= Timothy Fish =

American novelist

Timothy Fish is a multi-genre author. He has written both fiction and non-fiction titles. His fiction titles are characterized by his unusual way of looking at the world in general. He is distinctive from other christian fiction authors in his apparent disdain for religion.

He lives in Texas and is a native of Zalma, Missouri.

== List of works by Timothy Fish ==
1. Church Website Design: A step by step approach (ISBN 1-4196-5971-5) - Church Website Design takes the reader through the step by step process of developing a church website. It begins by explaining the process of determining the needs the church has for a website. It then shows the reader how to start with a rough idea of what the website should look like and convert that into an attractive church website. The book also deals with coding and maintaining the website.
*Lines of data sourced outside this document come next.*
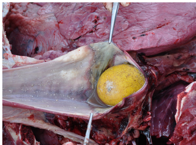
Fig.2. Bovino com timpanismo ruminal secundário. Obstrução total por limão siciliano na porção final do lúmen esofágico. Note também a área extensa de necrose na mucosa do esôfago no local da oclusão.
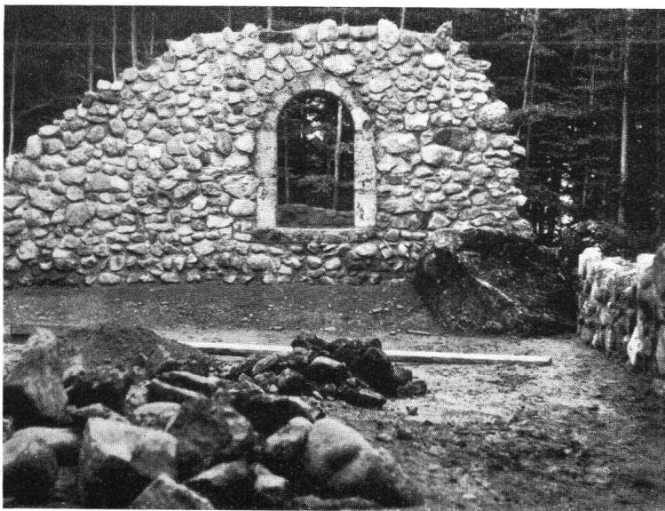
Ruine Bernegg. Partie mit der ausgegrabenen und wiederhergestellten Tür zwischen A und B (s. Plan)

Vor einigen Jahren schon hat die Antiquarische Gesellschaft Zürich Untersuchungen der Burgstelle vorgenommen. Eine systematische Ausgrabung erfolgte aber erst in den letzten Jahren, als es möglich wurde, mit Hilfe von Arbeitskrediten und mit Unterstützung der Arba-Lotterie eine Anzahl Arbeitsloser zu beschäftigen, die dann auch unter Aufsicht und Leitung des Burgenvereins und
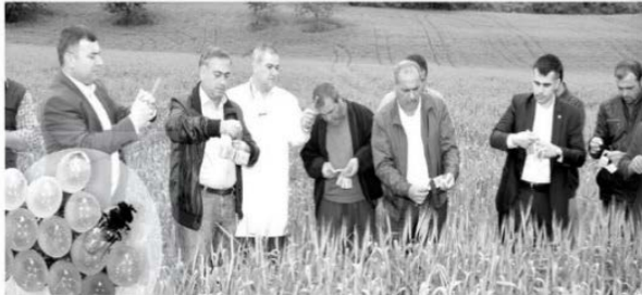
Süne'ye karşı biyolojik mücadelede kullanılan faydalı böceklerin, Süne yumurtalarını yüzde 95 oranında parazitleyerek yok ettiği belirlendi.
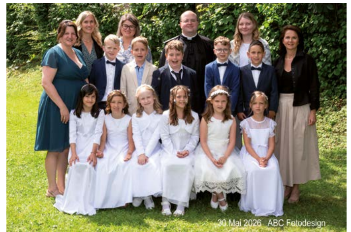
30. Mai 2026 ABC Fotodesign
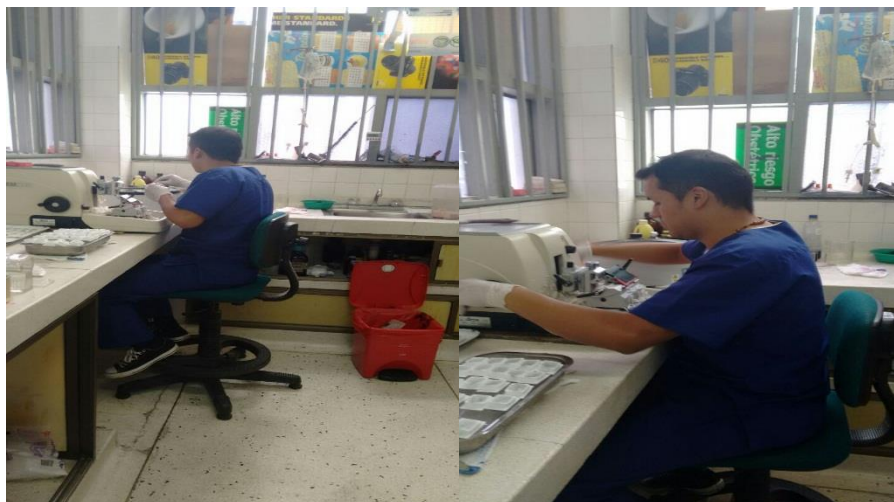
Figura 1. Área de patología.

Precisamente y basados en la normativa que demanda y establece una forma de realizar investigación a nivel académico profesional, el diagnóstico de los peligros y la evaluación de los riesgos que se plantea sobre la seguridad y salud de los trabajadores de la unidad de patología del Hospital Hernando Moncaleano Perdomo de la ciudad Neiva, está revestida del apoyo en el diseño de la matriz de riesgos, que favorecen el entendimiento y el sustento al quehacer diario de la actividad en esa unidad, así como el apoyo a la labor desarrollada en el campo de la salud, con el fin de mejorar técnicas de detección de esta clase de peligros, que pueden desatarse en enfermedades para la población de estudio. Por esta razón la orientación del presente artículo se fortaleció altamente con las investigaciones que sobre el tema se alcanzaron en el estudio emprendido y que contribuyen en el buen desempeño profesional y surjan retos al generar espacios de acción por la labor realizada en el campo de trabajo de la fisioterapia.

2. Searching for Mom (2007) (ISBN 1-4196-7039-5) - This novel is about a tomboy named Sara who uses an online dating service, pretending to be her Dad, to find him a wife and her a mother. When Sara meets Ellen everything seems to be going well. Ellen is everything Sara could want in a mother and they become friends but trouble comes when Sara tries to bring Ellen and her Dad together.
3. The Story Teller (a short story)
4. How to Become a Bible Character (2007) (ISBN 978-1-4196-8331-2) - This novel is about a youth minister who must teach a teenager who has one unmet goal. He wants to become a Bible character. The youth minister must point him in the right direction when he attempts the impossible.
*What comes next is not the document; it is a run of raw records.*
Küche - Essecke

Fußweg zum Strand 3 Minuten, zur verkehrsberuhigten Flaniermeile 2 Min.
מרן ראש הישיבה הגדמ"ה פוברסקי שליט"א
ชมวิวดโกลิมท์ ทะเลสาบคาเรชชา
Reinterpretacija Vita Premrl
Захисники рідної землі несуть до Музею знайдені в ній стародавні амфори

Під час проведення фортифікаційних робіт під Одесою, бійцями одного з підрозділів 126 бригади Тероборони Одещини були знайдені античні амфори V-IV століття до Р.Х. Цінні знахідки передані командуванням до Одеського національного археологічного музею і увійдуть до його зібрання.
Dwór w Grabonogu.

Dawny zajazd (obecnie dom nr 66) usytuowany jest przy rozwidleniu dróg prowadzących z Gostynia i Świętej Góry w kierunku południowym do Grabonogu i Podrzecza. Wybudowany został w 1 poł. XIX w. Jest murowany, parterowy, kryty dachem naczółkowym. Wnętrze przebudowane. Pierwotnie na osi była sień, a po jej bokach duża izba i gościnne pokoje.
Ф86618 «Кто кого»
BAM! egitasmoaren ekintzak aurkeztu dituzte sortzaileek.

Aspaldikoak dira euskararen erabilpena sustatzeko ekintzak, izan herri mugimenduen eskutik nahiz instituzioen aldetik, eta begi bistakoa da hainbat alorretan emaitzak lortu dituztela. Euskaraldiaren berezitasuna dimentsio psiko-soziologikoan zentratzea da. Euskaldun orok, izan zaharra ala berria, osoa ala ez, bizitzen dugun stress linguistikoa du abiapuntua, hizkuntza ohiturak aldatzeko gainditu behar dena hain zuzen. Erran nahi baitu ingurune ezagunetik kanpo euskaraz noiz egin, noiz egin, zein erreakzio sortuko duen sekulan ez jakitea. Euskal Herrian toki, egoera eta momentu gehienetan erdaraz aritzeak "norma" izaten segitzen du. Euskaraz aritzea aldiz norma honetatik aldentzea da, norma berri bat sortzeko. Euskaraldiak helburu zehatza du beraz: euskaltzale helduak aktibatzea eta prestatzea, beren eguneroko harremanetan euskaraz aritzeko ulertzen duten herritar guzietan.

5. For the Love of a Devil (2008) (ISBN 978-1-4392-1425-1 ) - This novel is inspired by the biblical account of Hosea. In this modern retelling of that story, a beleaguered English teacher, Geoff Mywell, longs for the love he once thought his wife had for him, but when she leaves him for another man, he isn't sure whether to give in to the relief of having her out of the house or be sorry that the marriage seems broken beyond repair. He goes after her as she moves from one man to the next and then returns to prostitution. Geoff must enter the darkness and pull her back or lose the woman he loves forever.
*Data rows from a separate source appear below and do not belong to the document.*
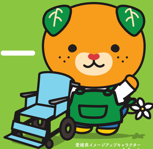
愛媛県イメージアップキャラクター みきゃん
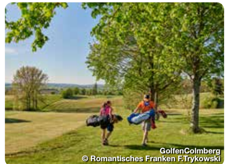
Golfen Colmburg

Mit gleich sechs Golfplätzen ist die Auswahl vor den Toren von Nürnberg groß. Allesamt liegen sie schön eingebettet in die Landschaft und haben noch viel Platz für Gastspieler. Auf den vier 18-Loch und zwei 9-Loch Anlagen kann man entspannte Runden genießen. Alle Informationen zum Radfahren, Wandern und Golfen gibt es auf der Webseite www.romantisches-franken.de
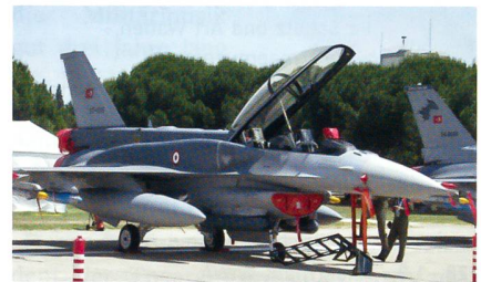
F-16D Block 50 der türkischen Luftwaffe.

Nach 25 Jahren endete bei Turkish Aerospace Industries der Lizenzbau der Fighting Falcon. 308 Flugzeuge verliessen die Halle in Akinci. Zuletzt lieferte TAI von Mai 2011 an im Rahmen des Peace-Onyx-IV-Programms 30 F-16C/D des neuesten Standards Advanced Block 50 aus (14 Einsitzer/16
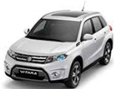
Cool White Pearl Metallic
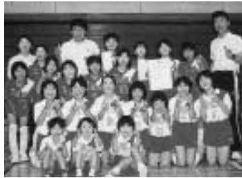
県大会の出場を決めてハイゲッチュー! ガンバレ! 越路JVC

女子は県の新人戦で4強入りし、シード権を獲得、好位置からのスタート。男子は県の強豪チームと練習試合を重ね、着々と力をつけており、県大会での活躍が期待されます。
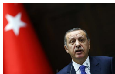
Depuis le coup d'État raté de juillet 2016, le président turc Recep Tayyip Erdogan a lancé une purge massive visant les membres et sympathisants de la confrérie Gülen, qui fut l'un de ses principaux alliés dans la conquête du pouvoir

Cette surveillance clandestine de la diaspora turque, entamée fin septembre 2016, a touché au moins 38 pays sur tous les continents. Une bonne moitié des pays de l'Union européenne est concernée : la Belgique, les Pays-Bas, l'Allemagne en ses différents Länder, la Grande-Bretagne, la Suède, la Finlande et la Norvège, le Danemark, la Suisse, l'Italie, la Pologne, la Roumanie et la Bulgarie. L'opération a également été menée en Asie centrale, en Afrique, en Arabie saoudite, jusqu'en Australie et au Japon. On ignore si la France a été visée, aucun rapport concernant notre pays ne figurant dans nos données.
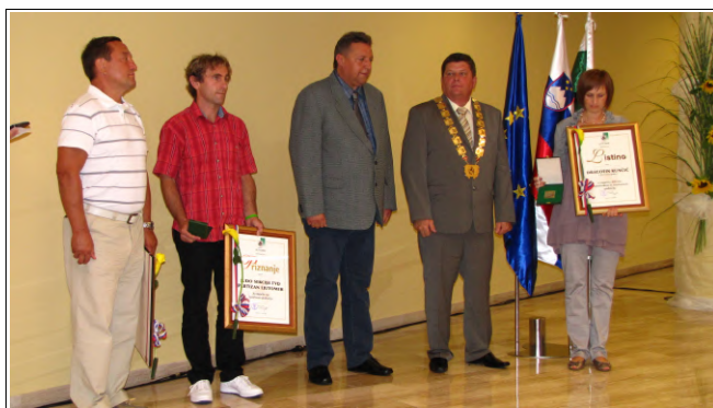
Dobitniki priznanj
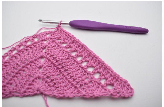
2. 1 br dans les 24 m et espaces de ml.
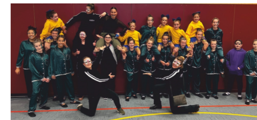
FABDANCE COMMUNITY Tanzgruppe
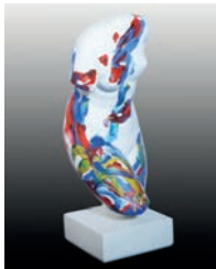
3 Belinda Washington See your fire, 2016 Figura de escayola del torso de Venus intervenida con acrílico 14 x 15.5 x 38 cm
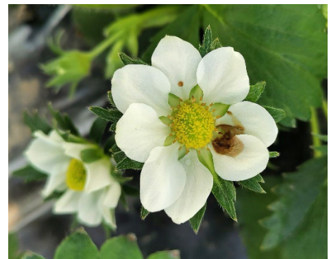
Erdbeerblüten sind auch im Tunnel rechtzeitig vor Pilzbefall zu schützen (thoh)

In frühen Sorten, sowie Remontierenden zum Schieben der Blütenstände und erste offene Blüten eine Fungizid-Behandlung mit Moon Sensation gegen Fruchtfäulen, Mehltau sowie Blattfleckenkrankheiten durchführen. Besonders auf die angesagten Niederschläge hin ist ein Schutz ab Beginn Blüte wichtig. Zur Hauptblüte dann Botrytizmittel, wie z.B. Switch und Frupica SC oder Moon Privilege einsetzen und Wirkstoffwechsel beachten.
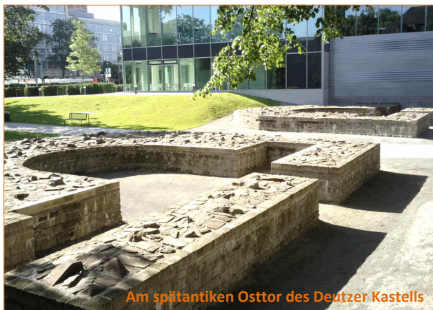
Am spätantiken Osttor des Deutzer Kastells

So führen wir Sie über den archäologischen Bereich des Rheinboulevards mit dem Bronzemodell des Deutzer Kastells, vorbei an römischen, mittelalterlichen und preußischen Mauern, durch die ehemalige Abteikirche Alt St. Heribert mit ihrer mittelalterlichen Krypta und der ersten Grabstätte des Heiligen Heribert, weiter entlang des historischen Verlaufs der Via praetoria, von der Porta dekumana bis zur Porta praetoria, dem römischen Osttor des Kastells.

6. And Thy House (2009) (ISBN 978-1-4392-6871-1) - This novel is about a man who comes to salvation late in life and struggles to handle the consequences of the mistakes he made before.
7. Mother Not Wanted (2010) (ISBN 978-1-6129-5000-6) - This novel is about a woman who has illegally raised a girl as her own, but decides to return the girl to her family.
8. Book Cover Design Wizardry: For the Self-Publishing Author (ISBN 978-1-6129-5001-3) - This book, through 250 full color graphics and text, shows self-publishing authors how they can create covers for their books.